When searching through the Level1Techs forums I came across a post where two scripts (Linux Host, Windows Guest, GPU passthrough reinitialization fix) could help with the reset issue, and thought I’d give it a shot. However, when testing the scripts on startup/shutdown and manually running them before shutting down, it was still unable to be reset properly and gave the same errors as before.

Before I shut the VM down, the GPU works completely fine; everything in the VM works fine with no issues, right until I shut the VM down.

I’m at a bit of a loss here, mainly because I believe this GPU flat out can’t reset itself, no matter what I try. Others seem to have success resetting an RX 6700XT, but I’ve not found anything particular to the card I’ve got, so I thought I’d come here to see if anyone else has had success with the same card.

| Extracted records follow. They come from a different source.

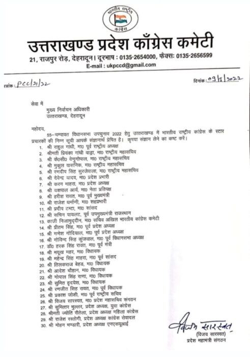 चंपावत उपचुनावः कांग्रेस ने जारी की 30 स्टार प्रचारकों की लिस्ट, ये दिग्गज नेता होंगे शामिल... - Uttarakhand Today
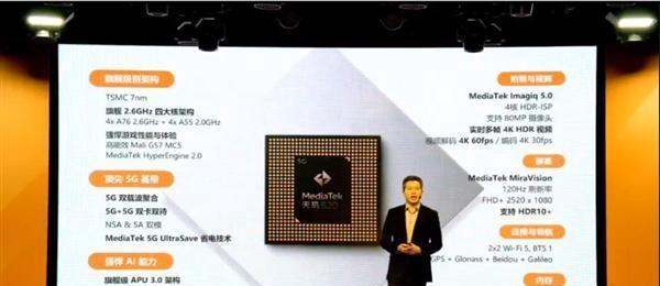 处理器:首发联发科天玑820芯片,采用7nm制程工艺,集成全球顶尖5G调制解调器,支持5G双载波聚合、5G+5G双卡双待、SA/NSA双模5G。
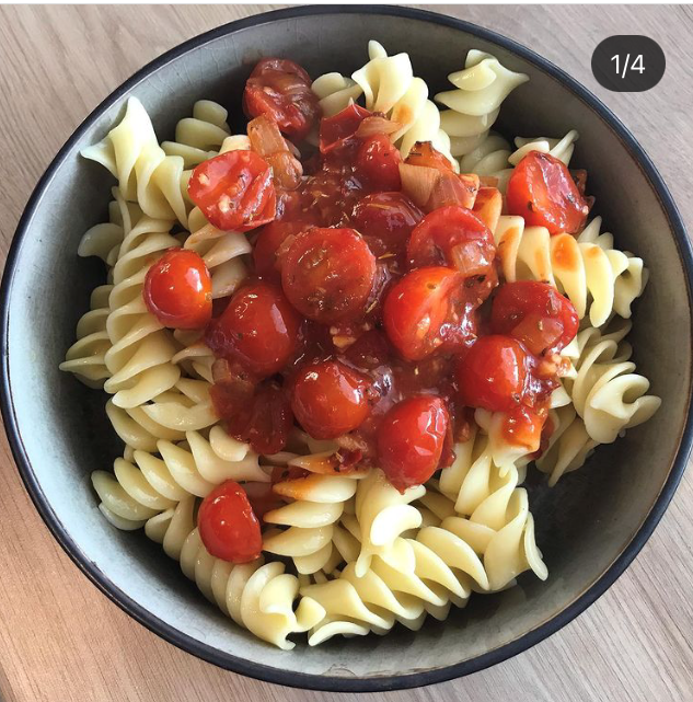 -Une fois l’oignon fondu ajoutez-s’y les tomates cerises, salé et poivré et laissez les fondre durant 5 minutes
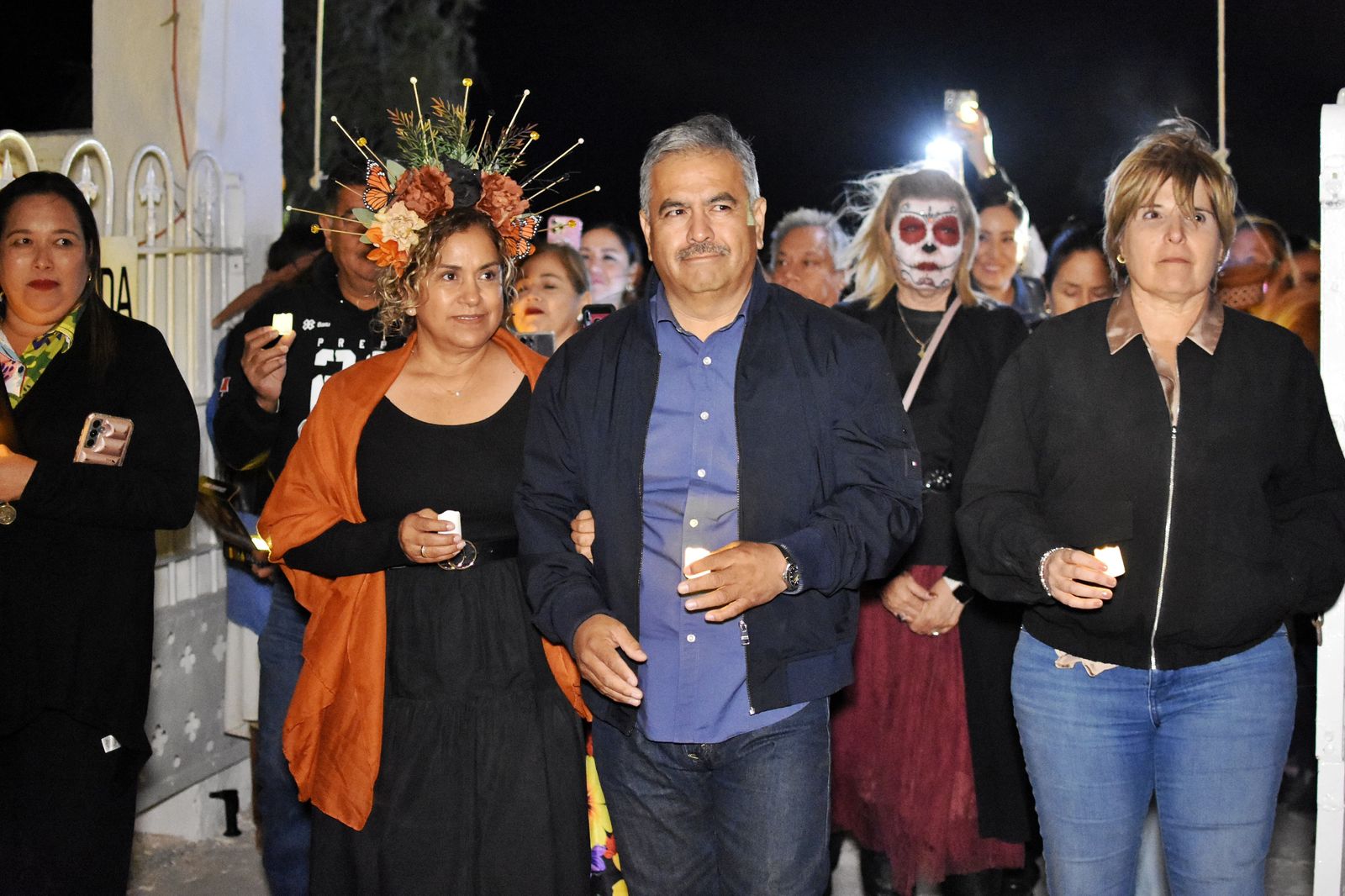 La velada contó con la presencia del Alcalde Ing. Víctor Manuel Leija Vega, la Presidenta Honoraria del DIF, Sra. Leticia Medina, autoridades municipales y decenas de familias que, con respeto y orgullo, se sumaron a este encuentro entre la vida y la muerte.
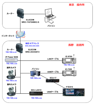 | 東京から長野にある無線機をリモート運用します。東京を操作所、長野を送信所と定義しています。インターネットがあればどこからでも運用が可能です。 |
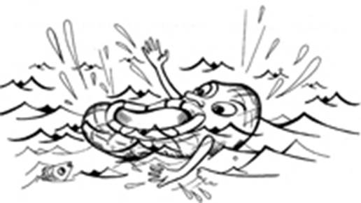 Покажите детям третью картинку—«Лапоть в реке» (рис. 8, с. 23) — и скажите, что Лапоть упал в воду — он может утонуть, если ему вовремя не помочь. Предложите детям раскрасить картинку так, чтобы Лапоть оказался не под водой, а на воде. (Если раскрасить воду синим цветом, а Лапоть желтым или коричневым, то он окажется не под водой, а на воде и сможет сам доплыть до берега.)
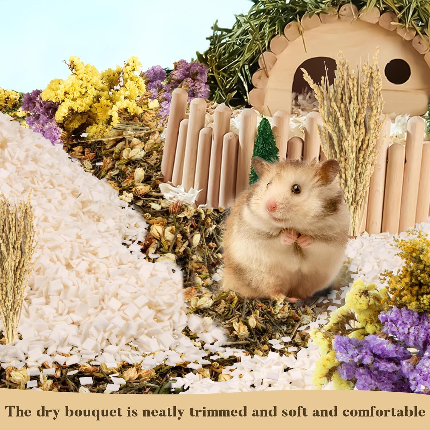 - Harvest Flowers: Nature flower herb Hamster Bedding mate is a beautiful pop of color in hamster bedding. Beautiful hamster spray is carefully selected,no additives and neatly trimmed branches, perfect for hamster bedding and nest
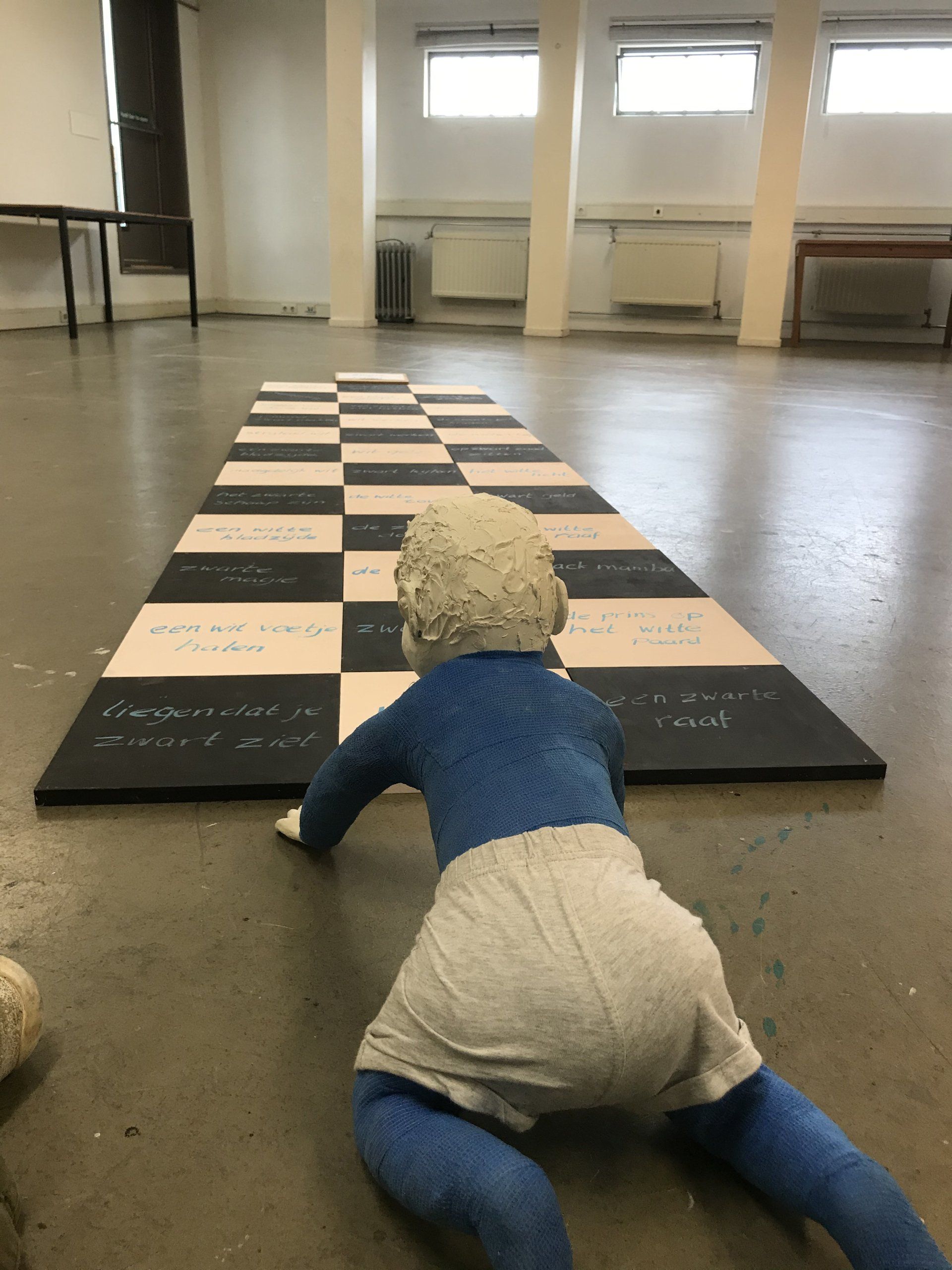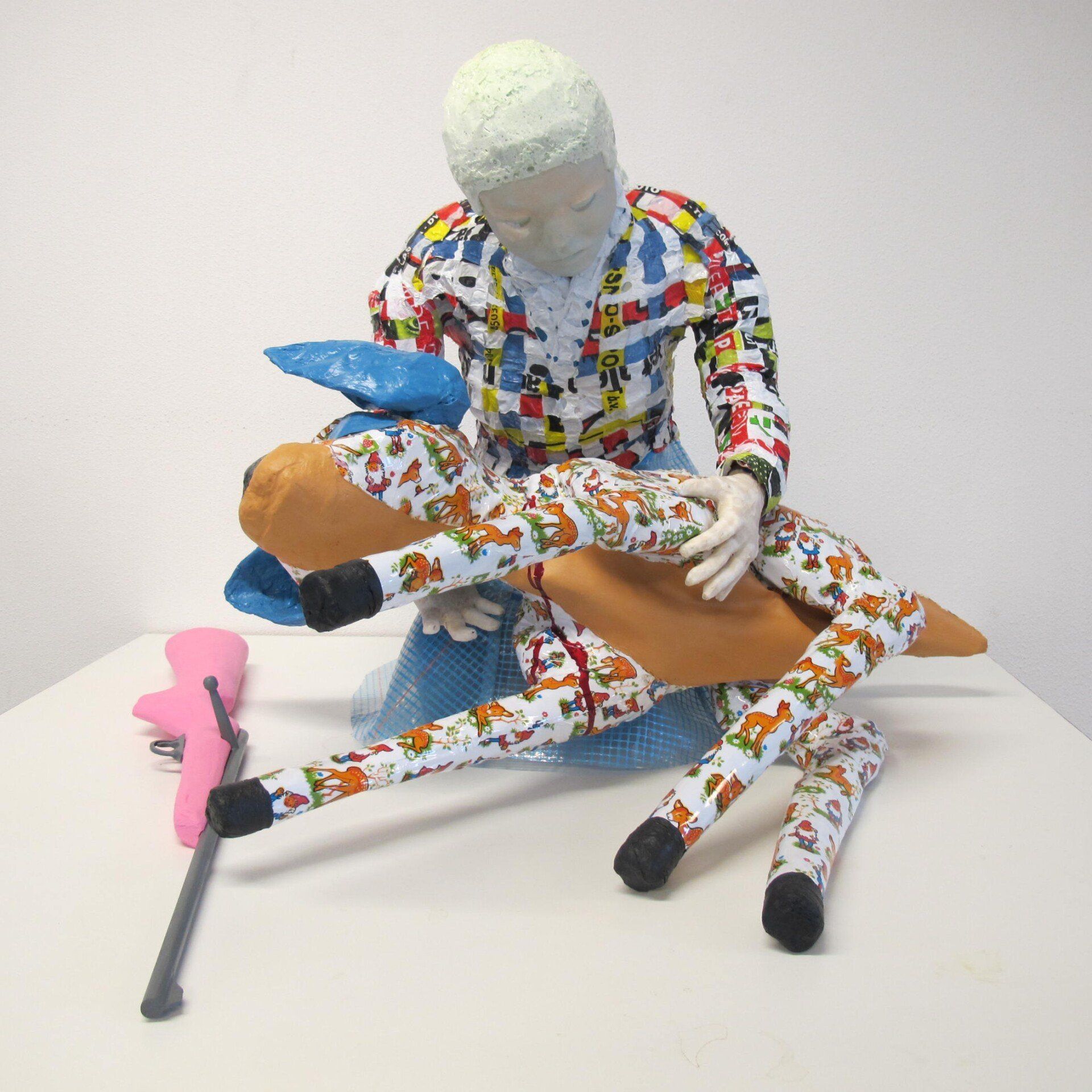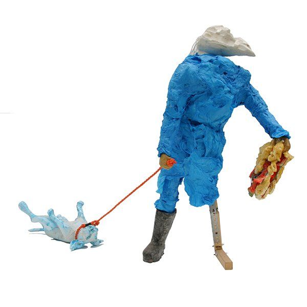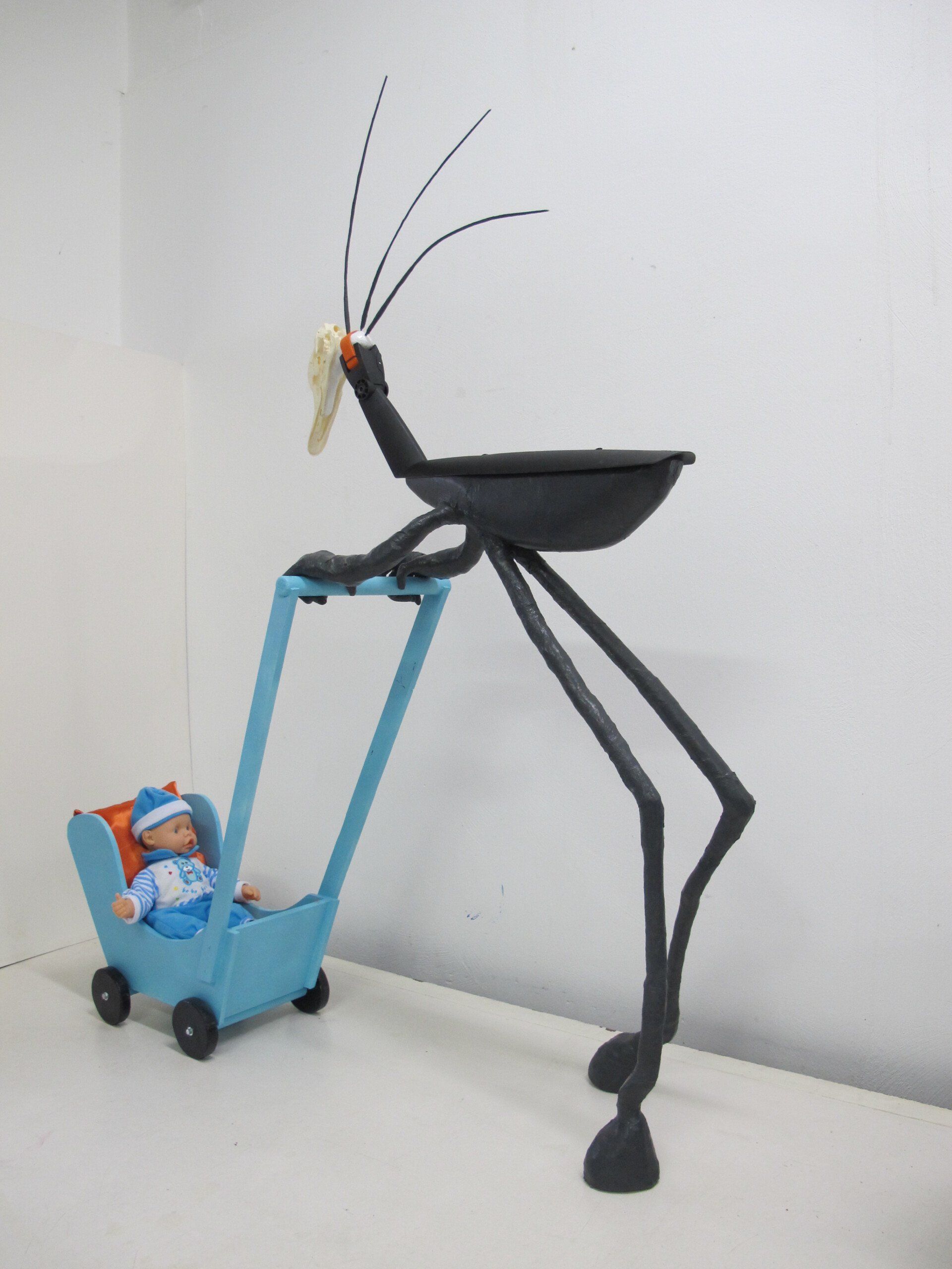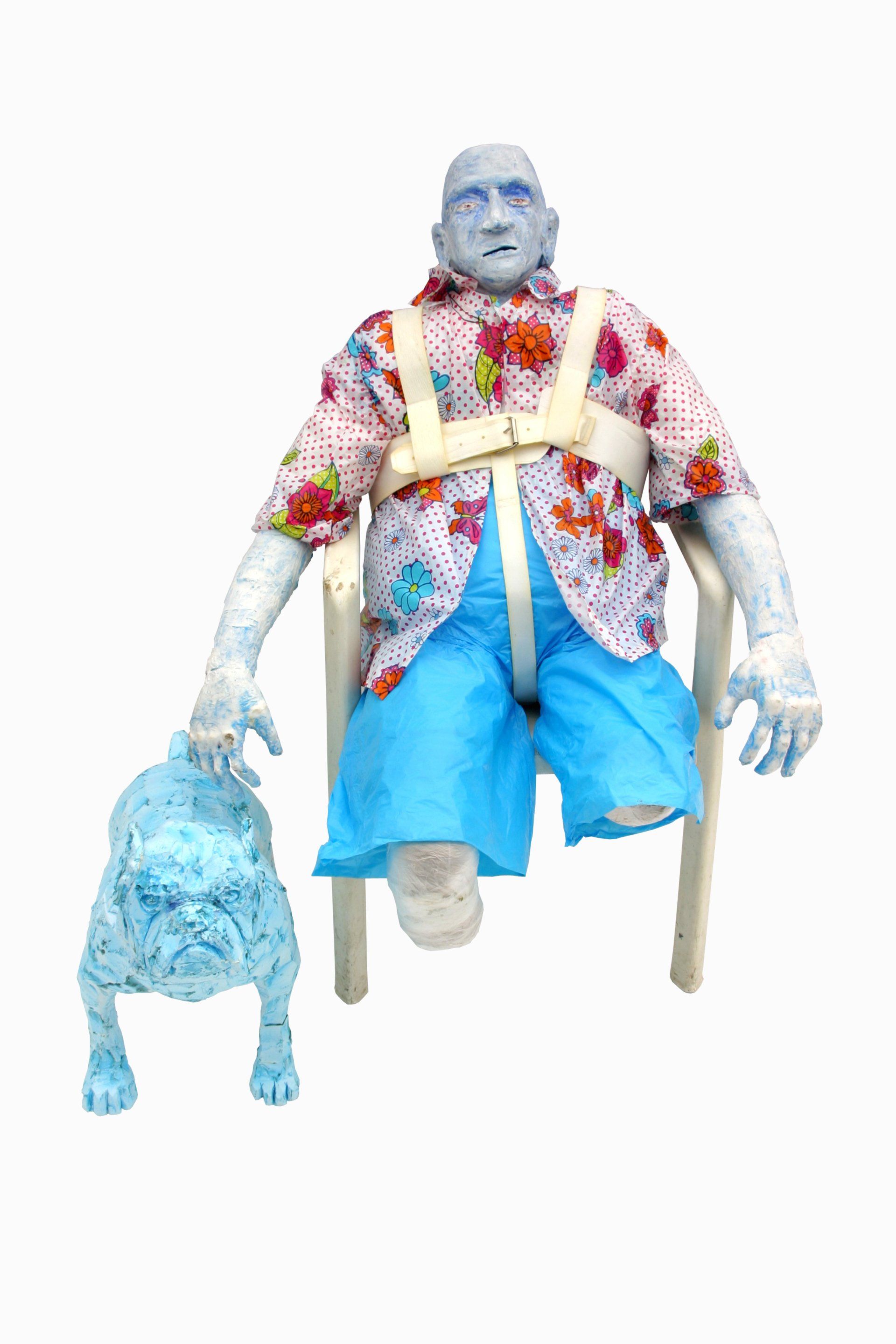 Mijn beelden en installaties zijn levensgroot en gemaakt van o.a. plastic afvalzakken, styrofoam, latex, kit en pur.
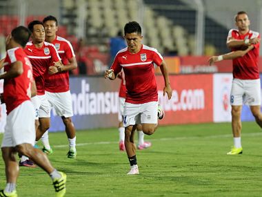 Mumbai City FC’s hopes will rest a lot on Sunil Chhetri in Diego Forlan’s absence. ISL[/caption] While a one-goal deficit wasn’t something Mumbai were hoping to take back from the game, what could hurt them most had nothing to do with the five goals that were scored. Mumbai’s inspirational leader and marquee player Diego Forlan was sent off after getting two yellow cards in the game, thereby ruling him out of the second leg in Mumbai on Tuesday. More than his five goals for the side, it was his presence that made a real difference for Mumbai as he held their attack together and every attack seemed to go through him. Mumbai’s results without the Uruguayan superstar doesn’t make for a great reading and that, along with the one-goal deficit after the first leg of the semi-final, makes the Atletico the favourites to reach the final in Kochi. Mumbai have failed to win a single game out of the three that they went in without the services of Forlan, which includes the 1-1 draw with Atletico in Mumbai earlier. A repeat of that result will be enough for the visitors to make their second final in three years. Another fact that works in favour of Atletico is their ability to avoid defeats. In the 15 matches they have played this season, Jose Molina’s men have lost just twice, drawn eight times and won on five occasions. Both those defeats have been by a single goal margin and a similar result after 120 minutes in the second leg of the semi-final will lead to penalties. Mumbai, though, would be drawing confidence from the fact that one of those defeats for Atletico had come against them. Molina, however, is refusing to dwell on the past and is confident of his side’s ability to produce the goods in the present. “We have lost just two matches and that’s good. To lose only twice in 15 matches is something really good,” Molina said at the pre-match press conference. “But tomorrow is a different match. What we did in the past is what we did in the past. If we go to the final it will be because we would have played a good match on Tuesday, not because what we did before. I live in the present, not in the past. The past is the past, we will try to fight tomorrow for 90 minutes, try to win, if we can’t win, try to draw because with a draw we will be in the final in Kochi,” the former Barcelona assistant coach added. While Atletico would be tempted to sit back and play for a draw, Molina suggested his side won’t be altering their approach despite the advantage his team enjoys. “If we have spaces, we will try to score, of course. But our mentality right now is the same as the first leg. We are going to try to win the match tomorrow like we did in Kolkata,” Molina said. “We will try to do the same. Good defence, with intensity, good press, keep the ball, move the ball fast, try to reach the opponent box and score goals,” he added. Mumbai coach Alexandre Guimaraes, who saw his side concede three goals in a match for just the second time this season, felt his side must show more intensity for a game of such magnitude as a part of a few things his team must do better from the first leg. “We have some things to resolve. The first thing is about intensity. I was talking with the players the day before that in these kind of games you have to play with a different intensity, not just physical, but also mental,” Guimaraes said ahead of the second leg of the semi-final. The Costa Rican also warned his team against “committing suicide” by losing their organisation while trying to chase the game. “We know we have to play very smart because the situation is not a situation where (we) have to go all out and commit suicide because it’s just one goal – the difference,” he said. “We have to play better than we played (in the) last game and I still believe, like I said after the game, that we are still alive. We have our chance and we will fight as hard as we can to get to the final,” Guimaraes added. It will be interesting to see how Mumbai line up in Forlan’s absence. Sony Norde seems the most likely candidate to replace the influential Uruguayan. The Haitian particularly impressed in Mumbai’s 1-0 win over Atletico in October and Mumbai supporters will be hoping for a similar show from Norde who can be absolutely unplayable on his day. The front quartet could comprise of Sunil Chhetri, Matias Defederico, Cafu and Norde, but it remains unclear which player will play in what position until the kick-off. This unpredictability could work in the hosts’ favour as it will keep Atletico guessing. The rest of the Mumbai team that has been so consistent pick themselves and their rearguard will be hoping to get their solidity back for the crucial second leg of the semi-final. Guimaraes felt it was difficult to size up the effects of Forlan’s absence before the game, while portraying faith in those who would play in his place. “Everyone is motivated, excited and the ones who are going to play in his place, I don’t have any doubt that they will do the best, to help us to get through. It is difficult for me to predict whether the team is going to suffer or not due to his (Forlan) absence. We can talk about that after the game. But if you look at the games that he didn’t play, like the game against ATK here, we performed well,” Guimaraes suggested. “Now he (Forlan) is trying to push all the players to do their best, to motivate them and give him a chance to play the final,” he said highlighting Forlan’s role off the field. Molina confirmed that centre-back Arnab Mondal is ruled out with an injury, but heaped praise on former Mumbai defender Kinshuk Debnath who is likely to take his place in the Atletico line-up. That apart, the Spaniard may opt to stick with the same players that helped them to this advantage. The Mumbai supporters will be the key in helping their team turn this deficit around and coach Guimaraes is hoping for a packed stadium on Tuesday. He m

My PC’s specs are as follows:
Ryzen 5 5600X
ASRock X570 Steel Legend
Sapphire RX 6700XT Nitro+ (guest GPU)
Sapphire RX 550 Pulse (host GPU)
48GB of RAM (odd I know, works fine)
Guest in top slot, host in bottom slot

Thanks in advance.

Edit: I made a post to the VFIO subreddit (https://www.reddit.com/r/VFIO/comments/rqyas3/rx_6700xt_appearing_to_not_reset_correctly_after/) if any information provided there could be of use.

1 Like

Just came across this.

See my post as well more recently.

So now 3 total reported as having the reset bug:

  • Gigabyte Aorus 6700XT Elite
  • Asus Dual RX 6700XT
  • Sapphire RX 6700XT Nitro+

Have you tried using the disable_idle_d3 option to vfio-pci?

See: 6700XT - reset bug? - #15 by karypid

I helped with remoing the D state transition erros in my 6700XT, though in the end it still did not work.